Chapter 102: … and what all this might have to do with geography

But in the end, I still want to become a geographer. Work as a geographer. So, in a way, one could ask what the point with all this horse shit is. More than just for the fun of it. I won’t need to know about the hierarchy in a horse flock when I get samples from groundwater wells, or whatever it is I’ll be doing to earn my living. My curriculum vitae won’t look more attractive if I add the ability “kinda knows how to get a horse to trust me” on it. It could seem as if I’ve walked into a dead end here.

The fun is obviously the main reason for me being here and that’s what I’ll be taking with me most when I leave. The memories of all the horses and the great connection Jay helped me to get with some of them. Especially Portia. But I also think that one could look at this training programme of Jay’s in a slightly broader sense too, which would give the practitioner an insight that is relevant even for the academic geographer.

It’s about mankinds relationship to nature. Firstly, the whole concept of a nature outside and independent of humans is neither constructive in a practical sense, nor true. Nature is in a constant state of change and at the moment humans happen to be part of that change. Nature has no opinions, and doesn’t value one state of things above any other. Nature is. It’s us humans that value, we who are in BIG trouble if the change spirals out of control. Being an environmentalist is purely out of self-interest.
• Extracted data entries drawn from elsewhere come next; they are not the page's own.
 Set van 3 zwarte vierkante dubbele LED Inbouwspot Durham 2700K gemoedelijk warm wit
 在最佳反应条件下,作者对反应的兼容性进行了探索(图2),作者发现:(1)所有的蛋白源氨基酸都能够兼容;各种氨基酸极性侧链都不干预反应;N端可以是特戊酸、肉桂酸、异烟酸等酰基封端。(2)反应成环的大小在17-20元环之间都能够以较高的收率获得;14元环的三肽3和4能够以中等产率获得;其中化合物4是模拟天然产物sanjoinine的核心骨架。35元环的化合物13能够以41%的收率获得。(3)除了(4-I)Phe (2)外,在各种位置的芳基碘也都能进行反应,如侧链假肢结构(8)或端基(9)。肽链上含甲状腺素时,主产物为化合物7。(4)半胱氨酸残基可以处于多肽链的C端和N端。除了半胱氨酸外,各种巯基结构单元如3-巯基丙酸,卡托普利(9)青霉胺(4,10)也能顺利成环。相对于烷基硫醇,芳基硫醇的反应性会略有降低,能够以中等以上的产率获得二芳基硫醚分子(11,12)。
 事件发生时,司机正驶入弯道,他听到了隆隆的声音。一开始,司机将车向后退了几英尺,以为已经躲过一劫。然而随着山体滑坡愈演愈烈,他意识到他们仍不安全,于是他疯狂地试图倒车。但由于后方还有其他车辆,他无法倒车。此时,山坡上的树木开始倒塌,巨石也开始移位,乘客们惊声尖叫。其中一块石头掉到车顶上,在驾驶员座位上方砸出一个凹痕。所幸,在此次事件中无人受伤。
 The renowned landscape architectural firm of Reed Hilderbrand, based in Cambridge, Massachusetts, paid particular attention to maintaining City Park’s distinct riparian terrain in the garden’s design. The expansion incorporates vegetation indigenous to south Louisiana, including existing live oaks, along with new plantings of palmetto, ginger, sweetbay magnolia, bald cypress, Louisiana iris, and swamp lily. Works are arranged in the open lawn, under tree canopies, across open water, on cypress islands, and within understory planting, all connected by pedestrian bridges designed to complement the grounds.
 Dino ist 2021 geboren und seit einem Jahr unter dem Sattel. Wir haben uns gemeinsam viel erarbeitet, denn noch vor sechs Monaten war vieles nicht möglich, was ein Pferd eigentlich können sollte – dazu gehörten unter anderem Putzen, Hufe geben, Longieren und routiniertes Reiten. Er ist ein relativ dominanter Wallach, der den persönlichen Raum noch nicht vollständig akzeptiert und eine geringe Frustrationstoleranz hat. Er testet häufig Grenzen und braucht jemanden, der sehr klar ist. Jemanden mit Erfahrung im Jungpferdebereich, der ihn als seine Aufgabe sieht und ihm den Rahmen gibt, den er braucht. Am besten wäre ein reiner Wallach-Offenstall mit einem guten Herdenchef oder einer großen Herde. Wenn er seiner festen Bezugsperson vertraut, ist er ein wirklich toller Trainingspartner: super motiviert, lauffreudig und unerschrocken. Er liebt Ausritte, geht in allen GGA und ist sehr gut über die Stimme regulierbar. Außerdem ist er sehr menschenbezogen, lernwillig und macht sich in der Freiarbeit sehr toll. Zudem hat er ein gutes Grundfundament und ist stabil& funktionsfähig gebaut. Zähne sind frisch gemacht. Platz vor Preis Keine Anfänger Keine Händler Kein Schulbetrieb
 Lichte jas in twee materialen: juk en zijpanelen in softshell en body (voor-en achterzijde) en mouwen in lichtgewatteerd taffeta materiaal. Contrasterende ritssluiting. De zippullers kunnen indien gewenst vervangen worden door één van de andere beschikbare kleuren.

But that doesn’t mean that we, as conscious beings, can do just as we like. This tradition of seeing nature as one entity, separate from humans, has lead us to use all other organisms on our planet for our own gain. Humans have a long history of taking what we want, without considering the consequences. It’s not only our present Western civilization. Look at the Mayas. They (probably) consumed themselves to death (through obliterated forests and over-used soils), with some assistance from the ever-ominous El Nino-Southern Oscillation. What we should learn from all the civilizations that have fallen before our own, is that in order not to destroy ourselves, we have to consider the other organisms in our surroundings aswell. And to act according to their needs while trying to achieve our goals. In that way, everyone wins.
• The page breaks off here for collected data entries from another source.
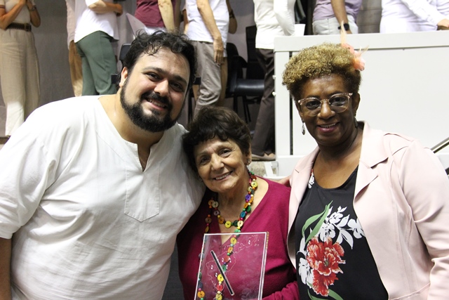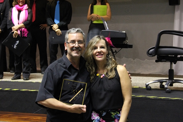 O maestro Ricardo Barison recebeu homenagem da coralista e presidente da ASTCOM, Vera Carrion
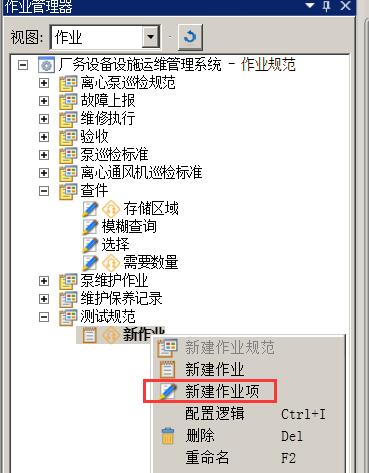 • 在 im 解决方案开发中心->作业管理器内,选中作业作业规范或者作业,右键选择新建作业项,创建一个作业。
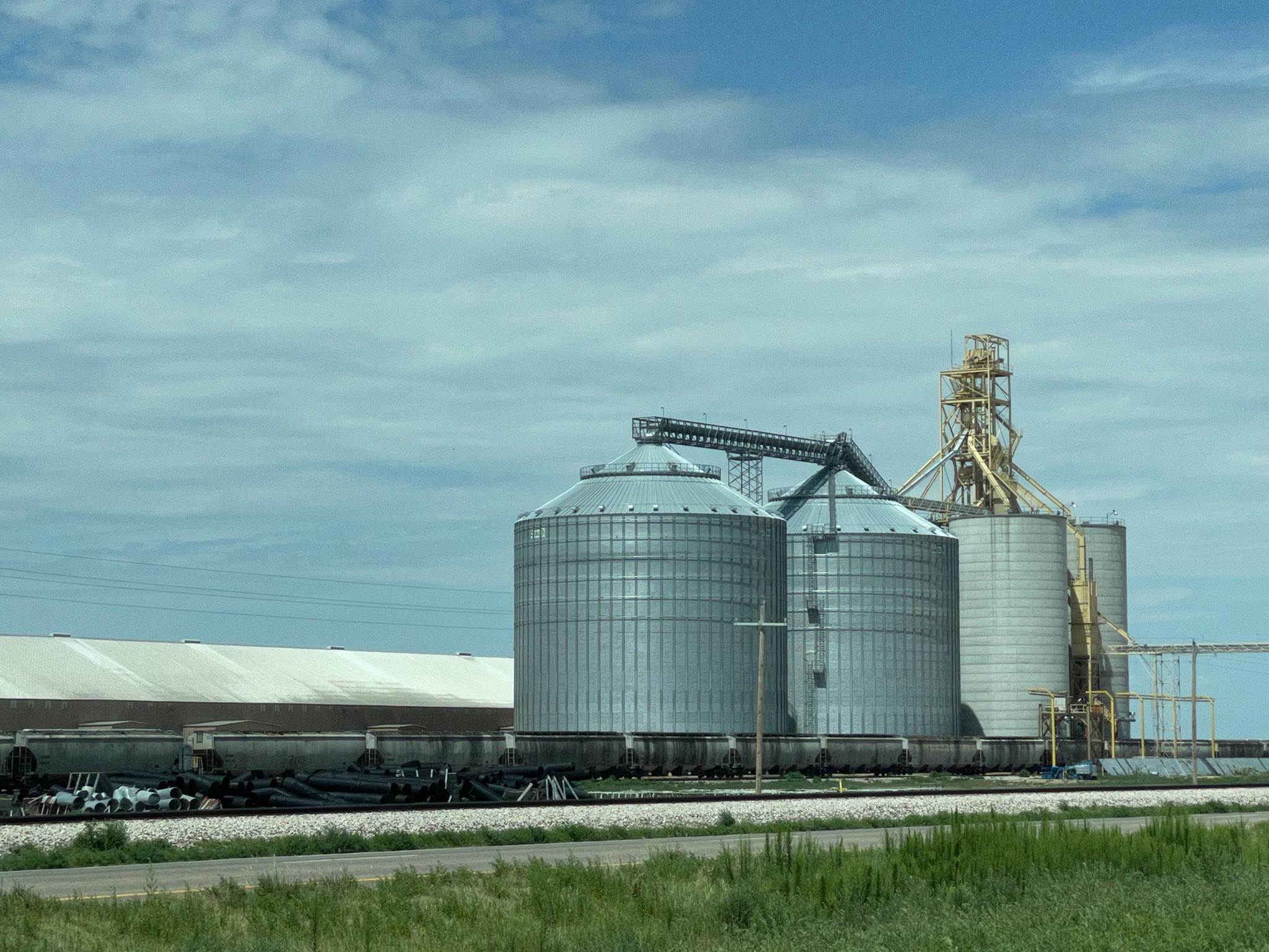 All day yesterday and all day today, until we entered New Mexico, we followed the railroad tracks.  About every ten miles we came to a small town dominated by these giant grain elevators or silos…
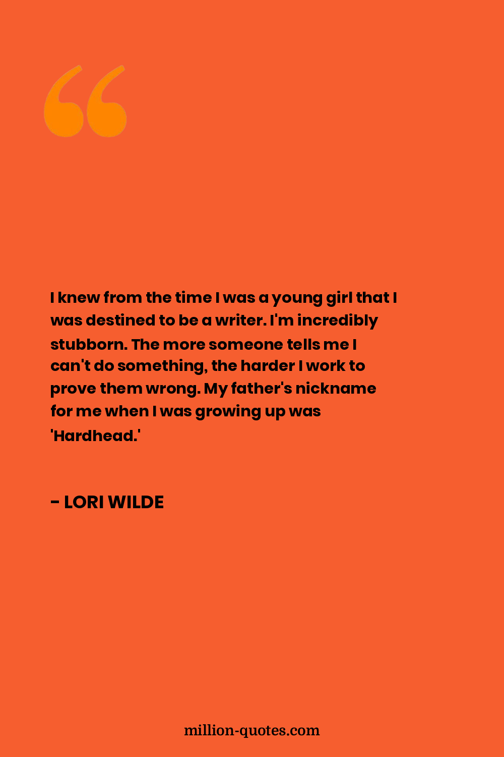 I knew from the time I was a young girl that I was destined to be a writer. I'm incredibly stubborn. The more someone tells me I can't do something, the harder I work to prove them wrong. My father's nickname for me when I was growing up was 'Hardhead.'
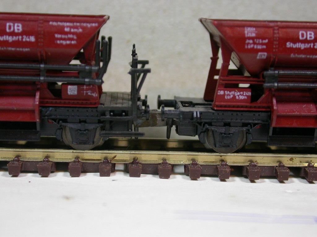 Die Kupplungen, die mir zu lose erscheinen, werden erstmal in 2-achsige Güterwagen mit geschlossener Kupplungskammer eingebaut.
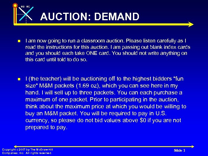 MB MC AN INTRO TO SUPPLY AND DEMAND- SEPT. 23 ENGLISH AUCTION: HOW TO APPLY ECONOMICS I will be selling an announced number of M&M packets through an English auction to derive a classroom demand curve. In the same lecture I will give each student a packet of M&Ms and buys back an announced number of packets through a reverse English auction to derive a classroom supply curve. Copyright c 2007 by The Mc. Graw-Hill Companies, Inc. All rights reserved. Slide 2
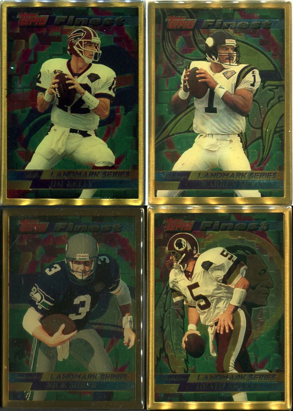 This thread is destined to become one of my all time favorite. I was a major insert set builder back in the day but have sold off the majority of them over the past year. I still have most of the Playoff Quad sets from 1995-2000 (I'll post a couple later), and several auto sets that I will dip into as well.
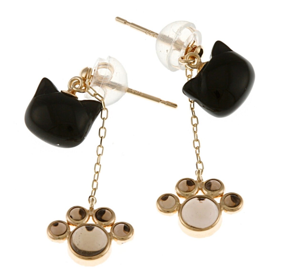 K10 ピアス 猫 肉球 オニキス スモーキークォーツ 揺れる 10金 刻印あり

And that’s exactly what Jay is doing. He has taken one tiny part of the non-human world, the horses, and taught himself how to train them on their terms. The goal with the training programme is still very human, the horses are trained for riding, but it is done in a way that the horses can understand. While training with the horse logic that Jay keeps talking about, the horses actually enjoy being ridden. Because, what they want is to trust and please a stong leader. And if the rider can convince the horse that she is a strong leader, the riding becomes a pleasure for both parties.
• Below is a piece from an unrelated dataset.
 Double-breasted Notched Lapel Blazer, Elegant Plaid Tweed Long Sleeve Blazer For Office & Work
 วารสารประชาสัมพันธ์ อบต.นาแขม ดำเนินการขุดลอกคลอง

In my opinion, that is what we should do with most things in the world. First realise that we are a part of the whole. And then try to find ways that works for all parties involved. Mosses aswell as frogs aswell as humans. It might be much more complicated, doing things in this way. But we humans pride ourselves for being intelligent. For once, we should use that intelligence for something good.

So, in that sense, my training with Jay might also have been useful for my future career as a geographer.

Chapter 100: The hundredth chapter

Today, I’ve been traveling for 46 days. Even considering that the first 27 chapters on this blog were written in Sweden before I left, 73 chapters in 46 days is a considerable amount of text. I find it hard being moderate. Not only when it comes to words.

I doubt anyone has managed to get through everything, but as long as most of the chapters get read by someone, I’m happy. And even if they wouldn’t, I get such a feeling of satisfaction after having finished a text, that actually – I don’t care if anyone reads at all. I’ll probably just keep on writing until I touch ground in Stockholm on the first of August. As long as the tablet doesn’t brake, there’s no stopping me.

So here we go – excitedly continuing towards the two-hundredth chapter.